British Prime Minister Sir Keir Starmer announced on Monday a raft of tougher policies on immigration and promised to reduce the total number migrating to the UK.
Starmer, in his speech on Monday, acknowledged voters’ views on immigration and even used the slogan coined by campaigners who wanted the UK to leave the European Union in 2016.
He said the policies he announced, “will finally take back control of our borders and close the book on a squalid chapter for our politics, our economy, and our country.”
“‘Take back control.’ Everyone knows that slogan, and everyone knows what it meant on immigration, or at least that’s what people thought,” Starmer added.
In 2010, then Prime Minister David Cameron, a Conservative, pledged to cut annual net immigration to less than 100,000, but successive Tory governments failed to meet that target despite the Brexit referendum in 2016, in which immigration was clearly a key factor.
Starmer said: “Between 2019 and 2023, even as they were going round our country, telling people with a straight face that they would get immigration down, net migration quadrupled, until in 2023 it reached nearly one million.
“That’s about the population of Birmingham, our second largest city. That’s not control. It’s chaos.”
Starmer acknowledged that immigration was “part of Britain’s national story,” saying immigrants from the Caribbean and South Asia made a massive contribution to the progress of the UK after World War II.
“But when people come to our country, they should also commit to integration, to learning our language, and our system should actively distinguish between those that do and those that don’t,” he added.
‘Island of Strangers’
“Now, in a diverse nation like ours, and I celebrate that, these rules become even more important. Without them, we risk becoming an island of strangers, not a nation that walks forward together,” Starmer said.Among the concrete measures the UK has unveiled was an announcement by Home Secretary Yvette Cooper on Sunday to change the rules on work visas, which she said would reduce by around 50,000 the number of care workers and other semi-skilled immigrants coming to the UK over the next 12 months.

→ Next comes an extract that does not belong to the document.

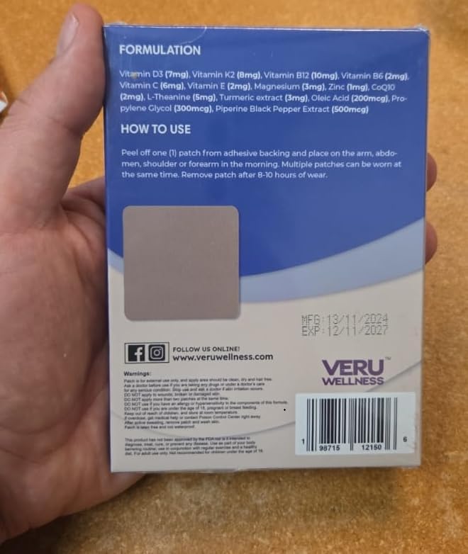 - Veru Wellness patch are Lactose, Gluten, and Sugar-Free. Easily designed to be worn discreetly. 100% Waterproof and sweat resistant.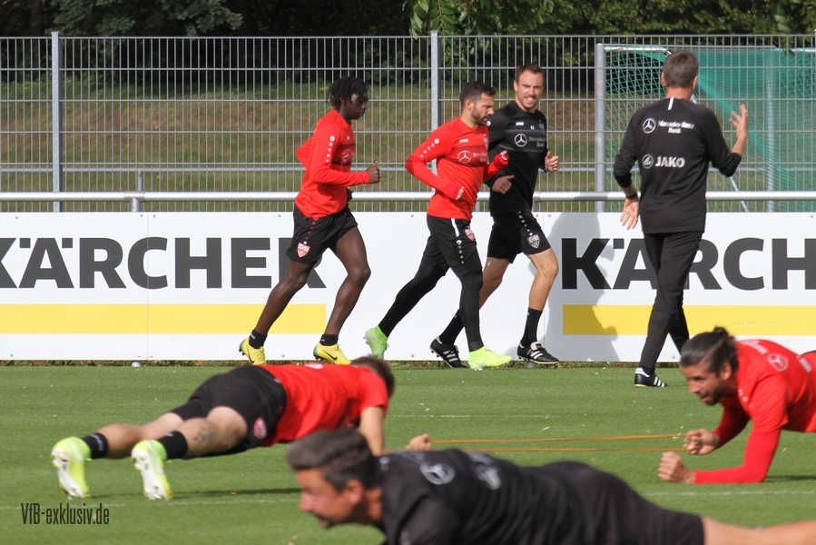 Schon im Spiel auf der Bielefelder Alm musste Trainer Tim Walter auf den ein oder anderen Akteur verzichten. So waren Castro, Wamangituka und Klement erst gar nicht im Kader, Nicolas Gonzalez blieb ohne Einsatz auf der Bank. Ein ähnliches Bild zeigte sich mit dem Start in die Trainingswoche. Jede Menge Spieler, darunter auch U19-Junior Jordan Meyer, waren im Mannschaftstraining und doch fehlte noch ein halbes Dutzend, die entweder nur liefen oder im Kraftraum waren. Philipp Klement und Silas Wamangituka liefen zusammen ihre Runden um die weitläufigen Plätze am Cannstatter Clubzentrum. Gonzalo Castro und Tanguy Coulibaly absolvierten eine individuelle Einheit mit Matthias Schiffers. Daniel Didavi war hinter verspiegelten Glasscheiben im Kraftraum zu erkennen und Nicolas Gonzalez konnte man nirgends erspähen. So bleibt die Sturmhoffnung erstmal an Klimowicz und den erfahrenen Spielern Gomez und Al Ghaddioui. Nach einer Aufwärmeinheit mit Bändern ging es aufs Halbfeld in die erste Spielform. Hamadi Al Ghaddioui lag dabei plötzlich am Boden. Nach einer kurzen Behandlung und Stresstest ging es für ihn weiter.

“Visa thresholds will be returned to degree level—boosting productivity, strengthening the UK economy and supporting growth.”
Immigration ‘Experiment Is Over’
“A One Nation experiment in open borders conducted on a country that voted for control. Well, no more. Today, this Labour Government is shutting down the lab. The experiment is over,” he added.During the question-and-answer session after his speech, he was asked if he could promise that net migration would fall every year from now on, and he replied, “I’m promising it will fall significantly, and I do want to get it down by the end of this Parliament [in 2029], significantly.”
Starmer was asked if he believed Britain needed to leave the European Convention on Human Rights (ECHR) in order to push through changes on immigration, to which he replied, “No, I don’t think that that is necessary.”
The leader of the Conservative Party, Kemi Badenoch, responded to Starmer’s speech by posting on X: “Keir Starmer once called all immigration laws racist. So why would anyone believe he actually wants to bring immigration down?
“When I proposed ending the automatic route to British citizenship and introducing a legally binding cap, the government laughed it off.
“Now—nine months into office and after voting against every serious attempt we’ve put forward to cut numbers—Starmer suddenly wants you to think he cares.”
The deputy leader of Reform UK, Richard Tice, told BBC Radio 4’s “Today” programme on Monday that Starmer has been “listening and learning from Reform.”
Tice said Starmer’s speech was just “warm words” and that “the real question is, will he actually deliver?”
He said, “There’s no target, no number that can be measured against, whereas we’ve got a clear target: net zero immigration.”